## EXERCISE AIM:
The data below contains pictures, which are to be skipped; the lines starting at the line with "Blue Heart Victorian" and ending at the line with "brown embroidered logo" are to be output exactly, both ends included.

## EXCERPTED DATA:
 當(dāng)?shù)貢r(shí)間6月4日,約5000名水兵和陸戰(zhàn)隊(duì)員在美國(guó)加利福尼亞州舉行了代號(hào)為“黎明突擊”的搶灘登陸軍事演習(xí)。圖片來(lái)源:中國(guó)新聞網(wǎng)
...
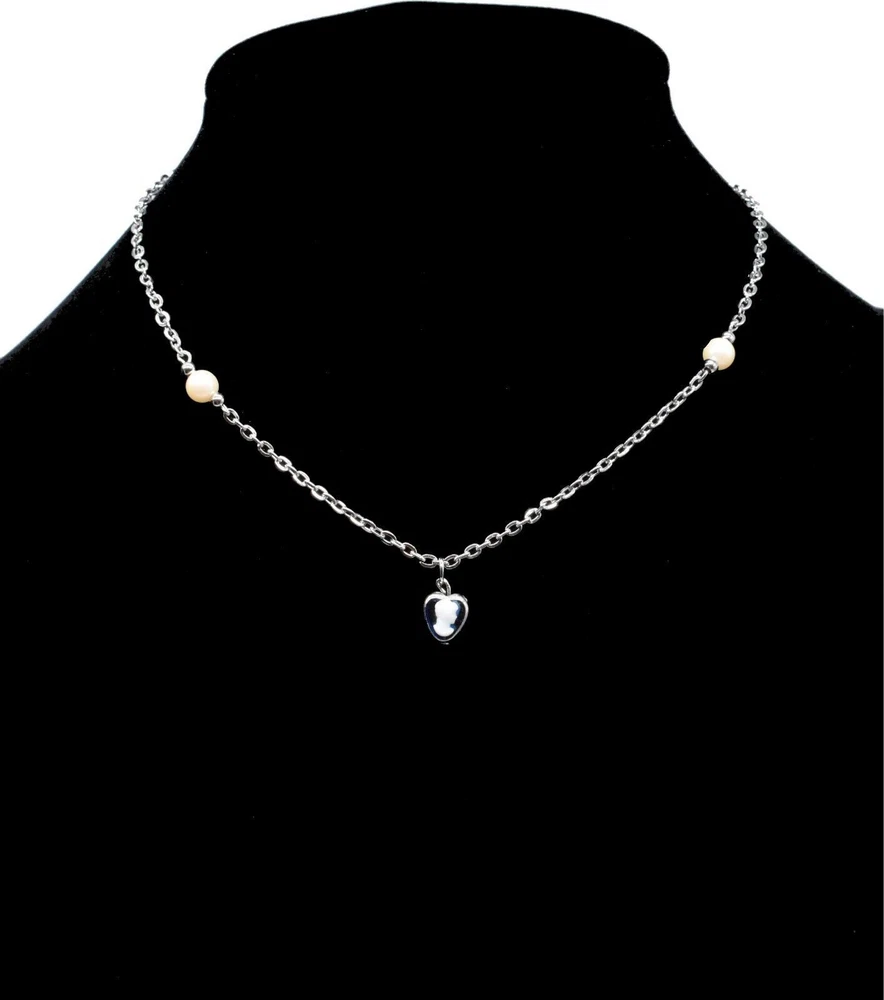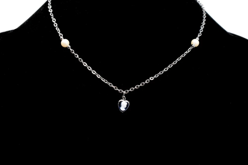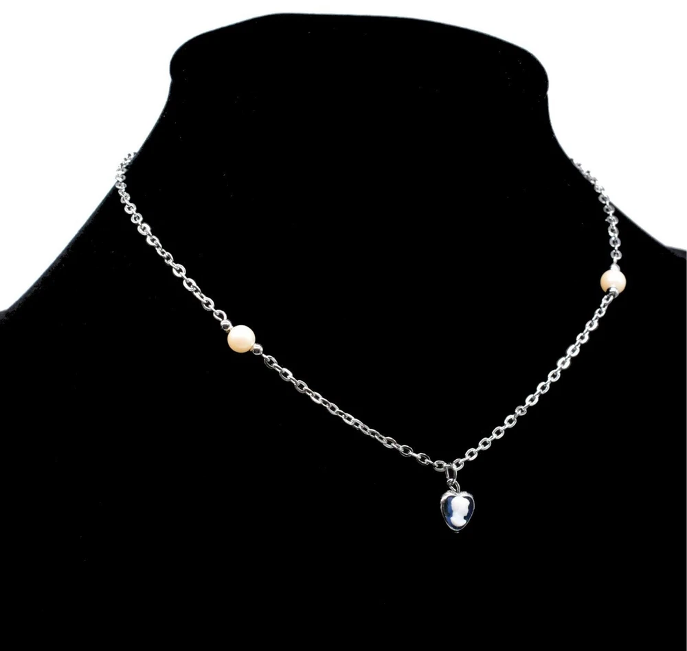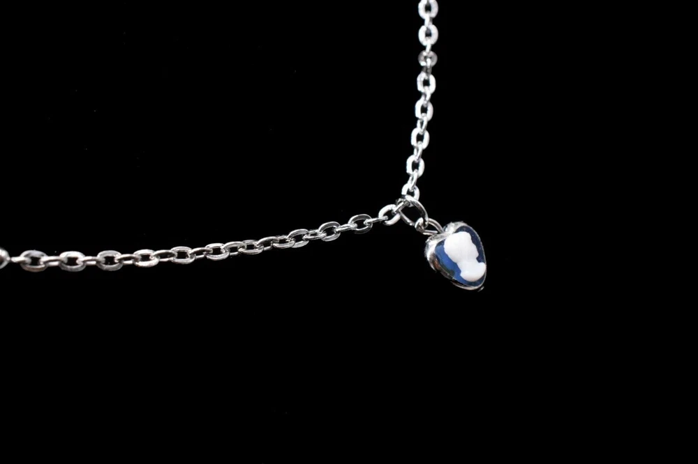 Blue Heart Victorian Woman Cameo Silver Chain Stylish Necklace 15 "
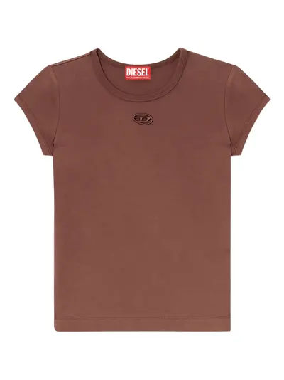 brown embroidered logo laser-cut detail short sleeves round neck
...
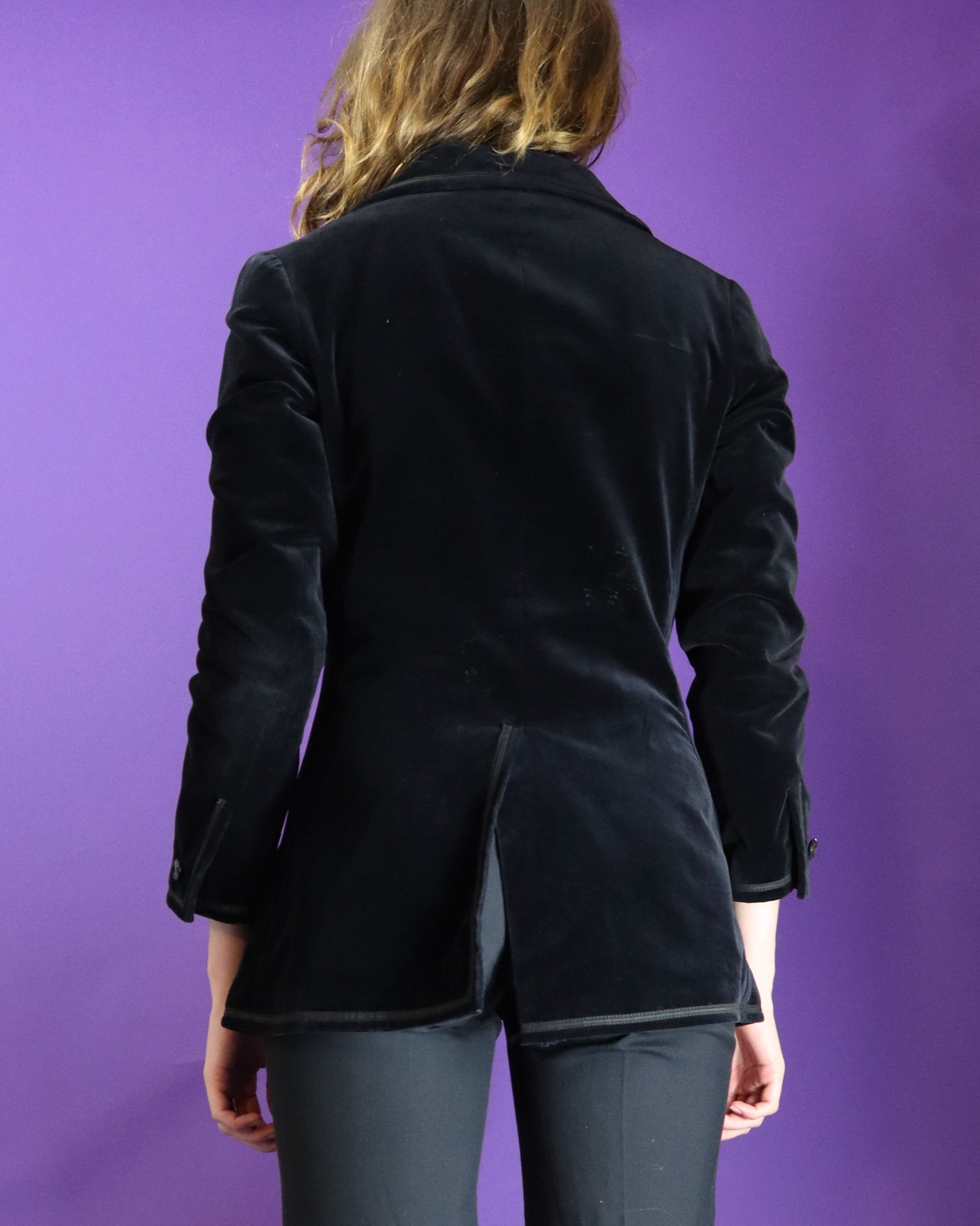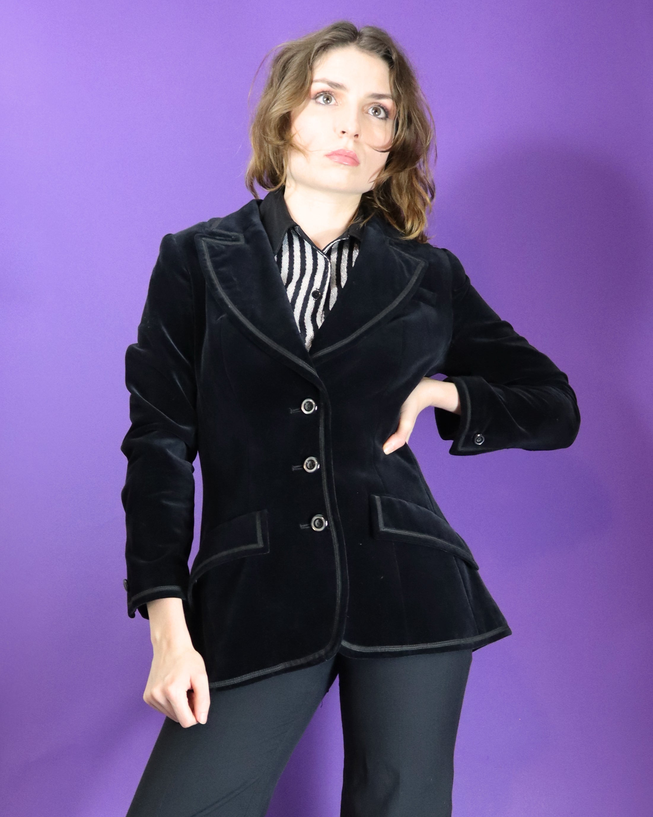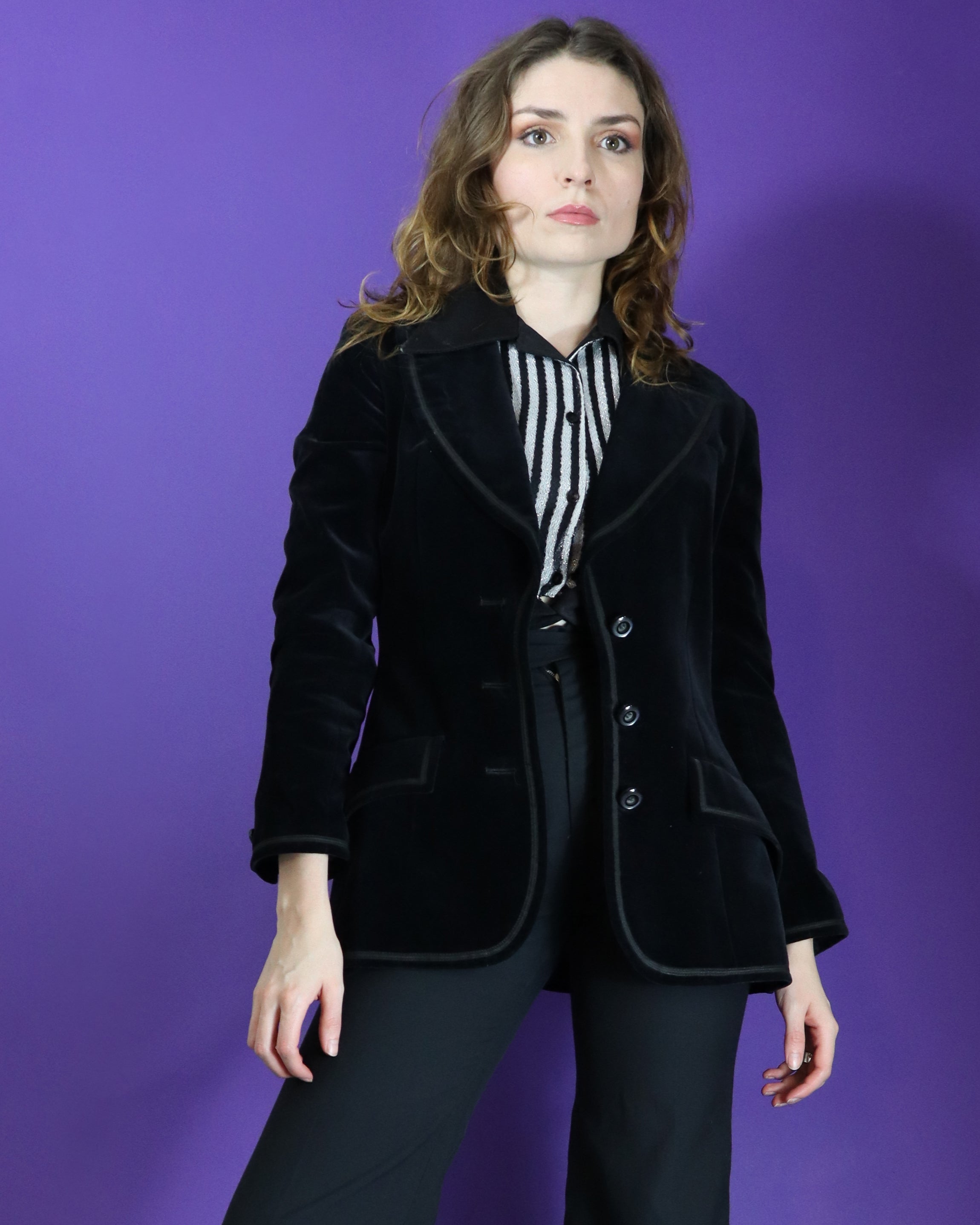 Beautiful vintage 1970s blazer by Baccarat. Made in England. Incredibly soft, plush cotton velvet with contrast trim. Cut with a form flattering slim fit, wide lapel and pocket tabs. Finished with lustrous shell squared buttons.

## EXPECTED ANSWER:
 Blue Heart Victorian Woman Cameo Silver Chain Stylish Necklace 15 "
 brown embroidered logo laser-cut detail short sleeves round neck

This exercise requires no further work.